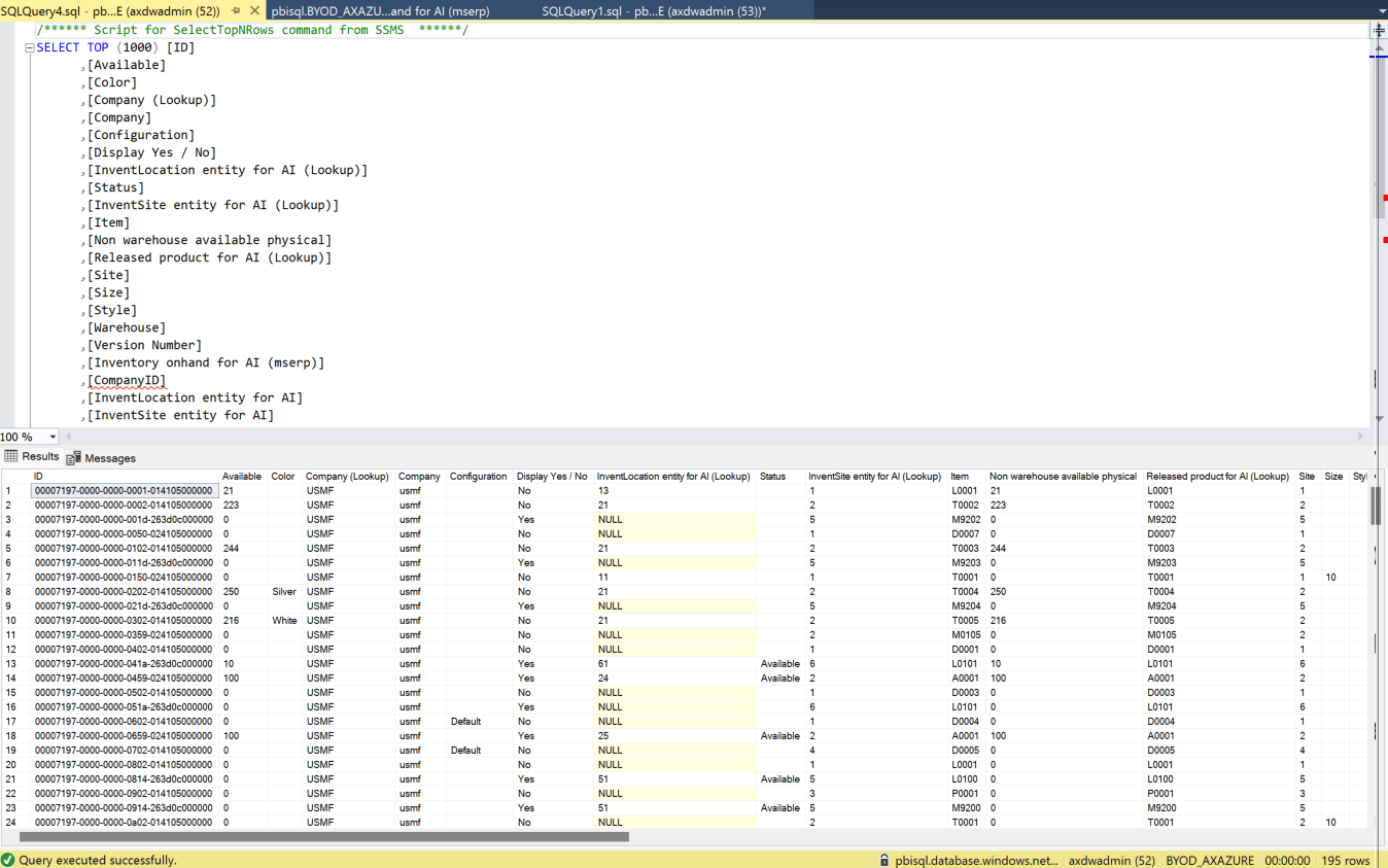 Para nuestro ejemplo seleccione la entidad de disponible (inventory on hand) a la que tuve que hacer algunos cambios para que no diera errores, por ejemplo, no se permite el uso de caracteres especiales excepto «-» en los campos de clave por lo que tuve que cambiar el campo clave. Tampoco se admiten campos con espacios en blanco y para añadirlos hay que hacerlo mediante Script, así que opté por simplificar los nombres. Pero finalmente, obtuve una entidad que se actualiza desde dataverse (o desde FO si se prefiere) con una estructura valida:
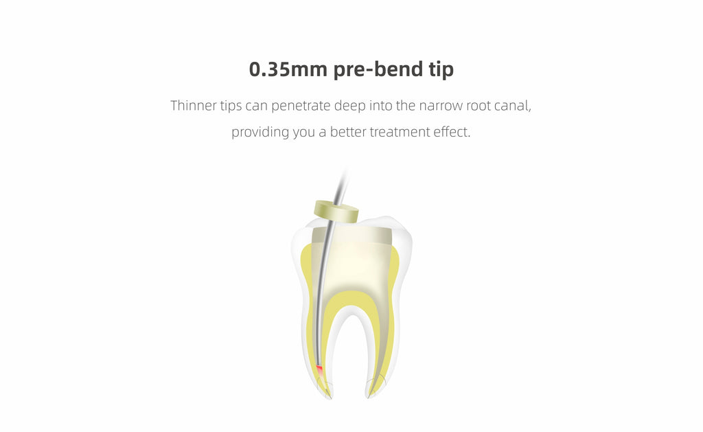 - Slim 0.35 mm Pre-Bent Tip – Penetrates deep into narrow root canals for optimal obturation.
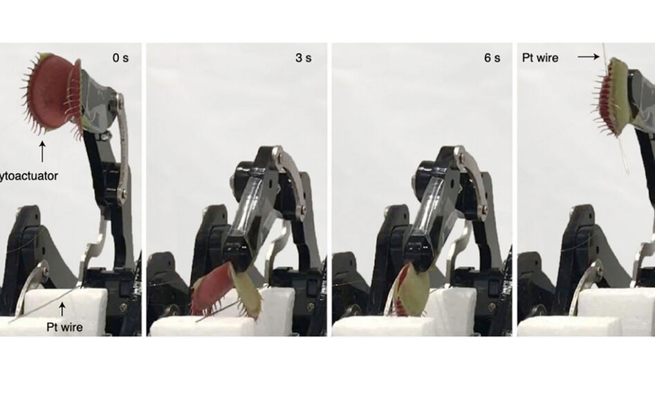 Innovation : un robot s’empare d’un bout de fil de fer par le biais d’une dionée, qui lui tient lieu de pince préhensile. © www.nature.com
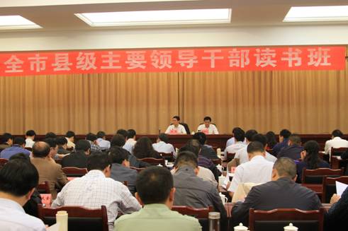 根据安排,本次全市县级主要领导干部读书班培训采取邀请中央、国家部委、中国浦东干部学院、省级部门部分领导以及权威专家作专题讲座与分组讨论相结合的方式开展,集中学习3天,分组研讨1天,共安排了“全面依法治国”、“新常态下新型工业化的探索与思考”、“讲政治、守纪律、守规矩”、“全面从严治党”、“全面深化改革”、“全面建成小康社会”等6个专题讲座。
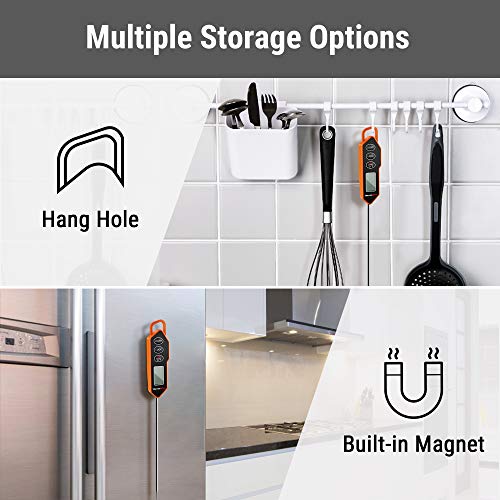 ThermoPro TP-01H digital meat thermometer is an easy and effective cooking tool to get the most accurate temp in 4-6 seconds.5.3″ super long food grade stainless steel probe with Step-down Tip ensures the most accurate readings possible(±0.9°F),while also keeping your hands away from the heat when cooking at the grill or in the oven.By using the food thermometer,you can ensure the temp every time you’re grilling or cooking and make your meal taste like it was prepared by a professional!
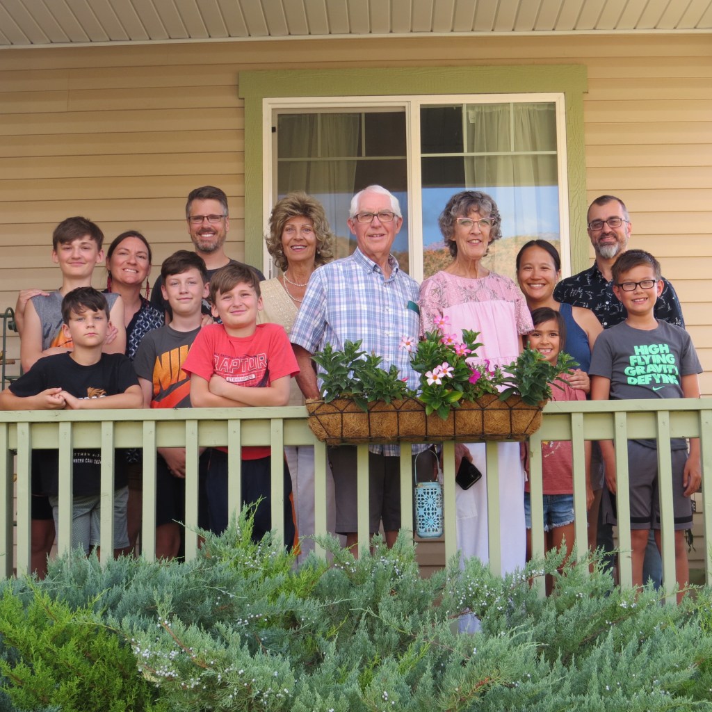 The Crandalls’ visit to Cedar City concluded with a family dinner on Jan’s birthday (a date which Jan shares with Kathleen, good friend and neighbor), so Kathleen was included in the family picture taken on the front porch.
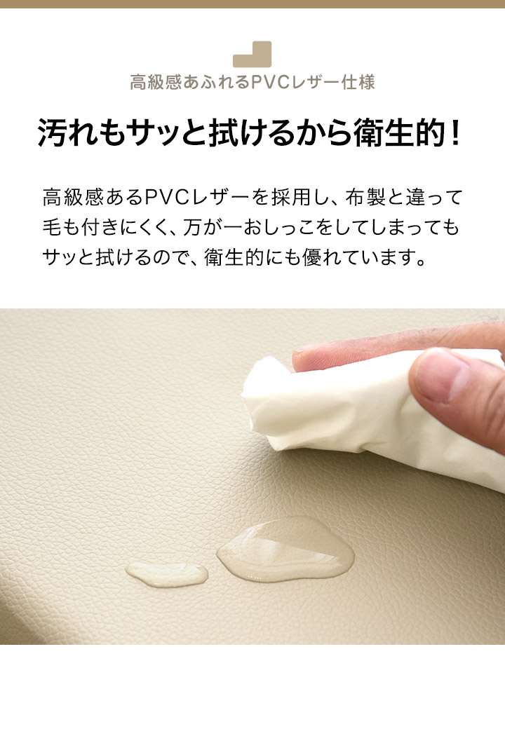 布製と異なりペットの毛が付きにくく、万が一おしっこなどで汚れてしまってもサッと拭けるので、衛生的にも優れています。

---

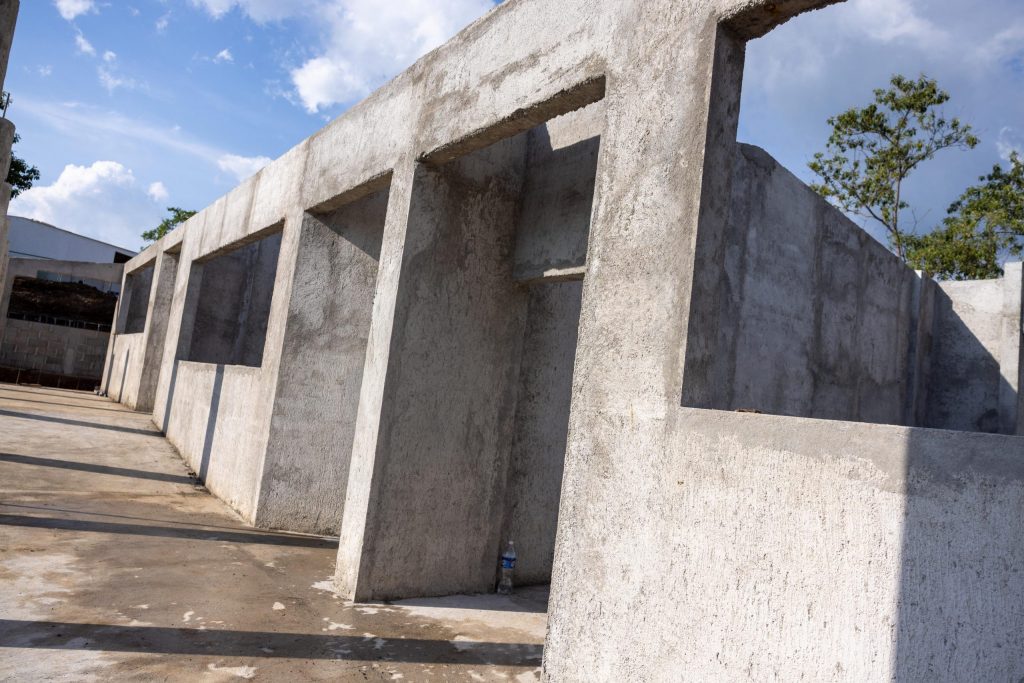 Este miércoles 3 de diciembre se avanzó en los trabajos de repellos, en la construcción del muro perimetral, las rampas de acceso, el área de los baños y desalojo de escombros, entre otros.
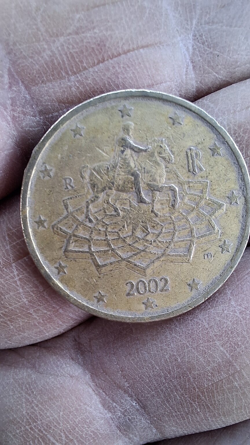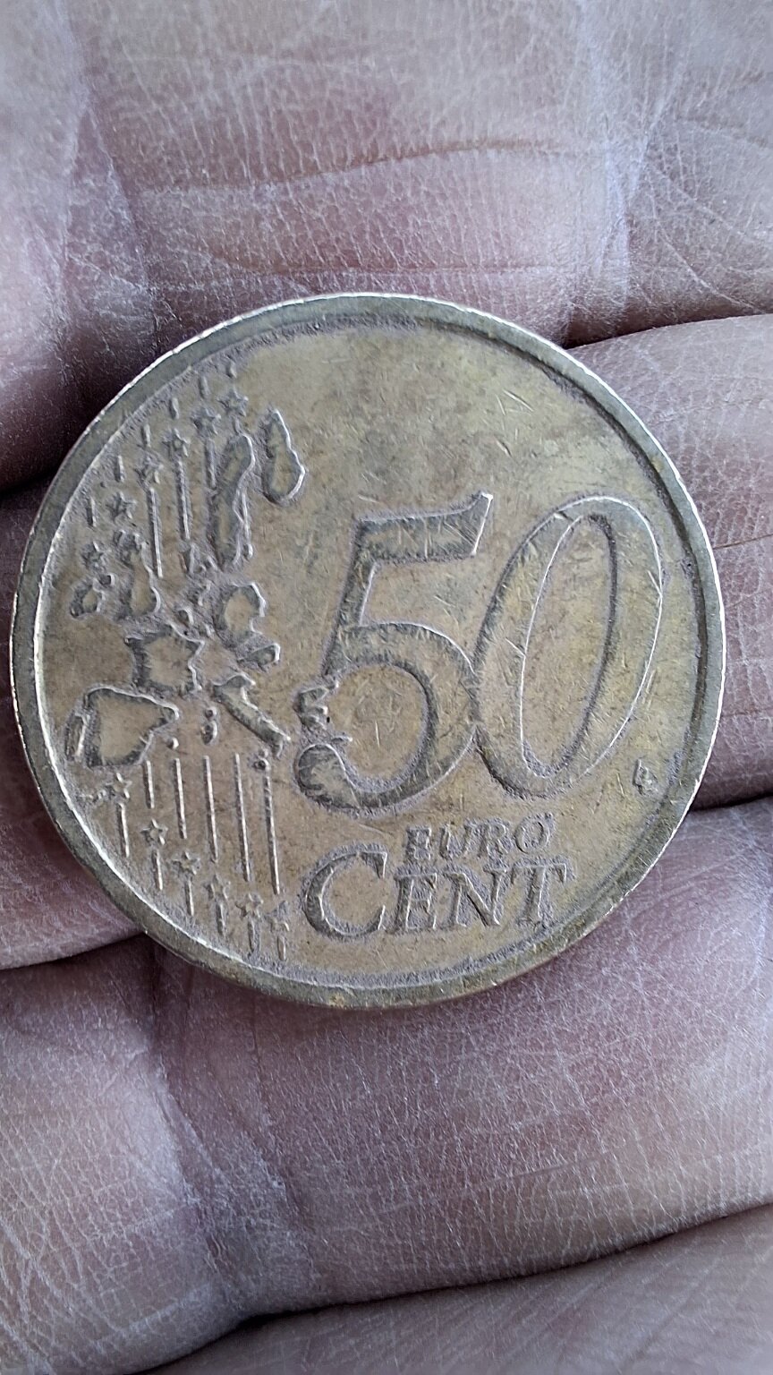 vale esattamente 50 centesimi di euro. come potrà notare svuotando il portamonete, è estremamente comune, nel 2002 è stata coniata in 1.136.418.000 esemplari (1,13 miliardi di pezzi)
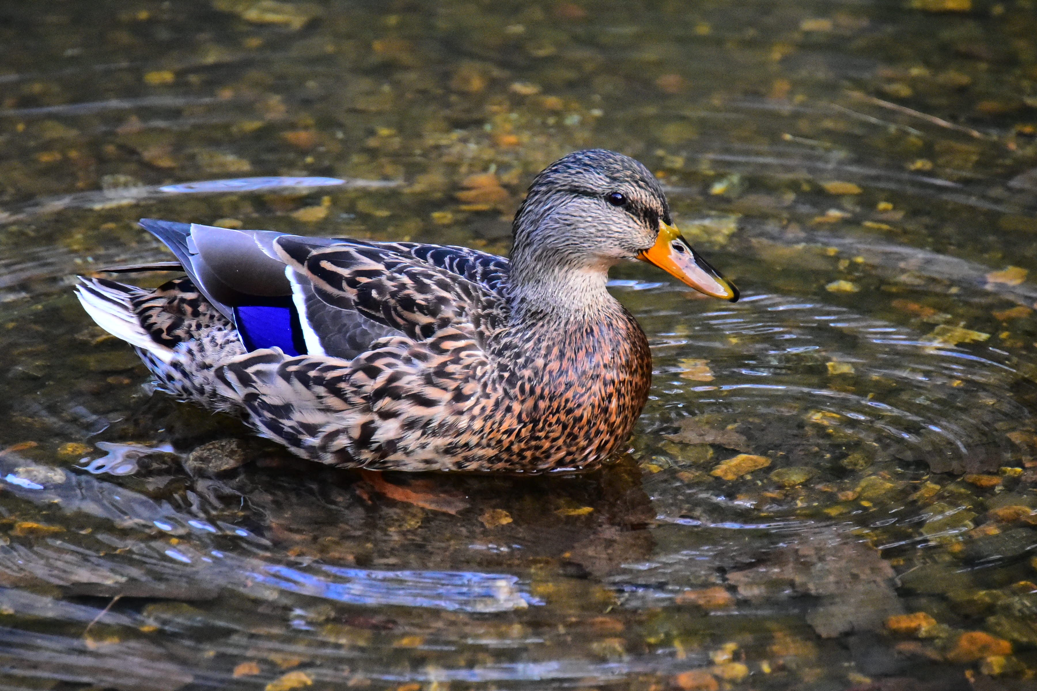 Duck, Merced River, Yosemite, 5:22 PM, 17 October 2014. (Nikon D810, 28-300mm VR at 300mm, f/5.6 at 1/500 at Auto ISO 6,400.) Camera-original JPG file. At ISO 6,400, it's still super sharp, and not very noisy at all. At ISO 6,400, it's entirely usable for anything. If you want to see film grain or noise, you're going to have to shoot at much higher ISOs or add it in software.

- _Task brief_
Copy the lines above exactly, starting with the line that contains "Innovation : un" and ending with the line that contains "根据安排,本次全市县级主要领", and leave out any pictures.

- _Reply_
 Innovation : un robot s’empare d’un bout de fil de fer par le biais d’une dionée, qui lui tient lieu de pince préhensile. © www.nature.com
 根据安排,本次全市县级主要领导干部读书班培训采取邀请中央、国家部委、中国浦东干部学院、省级部门部分领导以及权威专家作专题讲座与分组讨论相结合的方式开展,集中学习3天,分组研讨1天,共安排了“全面依法治国”、“新常态下新型工业化的探索与思考”、“讲政治、守纪律、守规矩”、“全面从严治党”、“全面深化改革”、“全面建成小康社会”等6个专题讲座。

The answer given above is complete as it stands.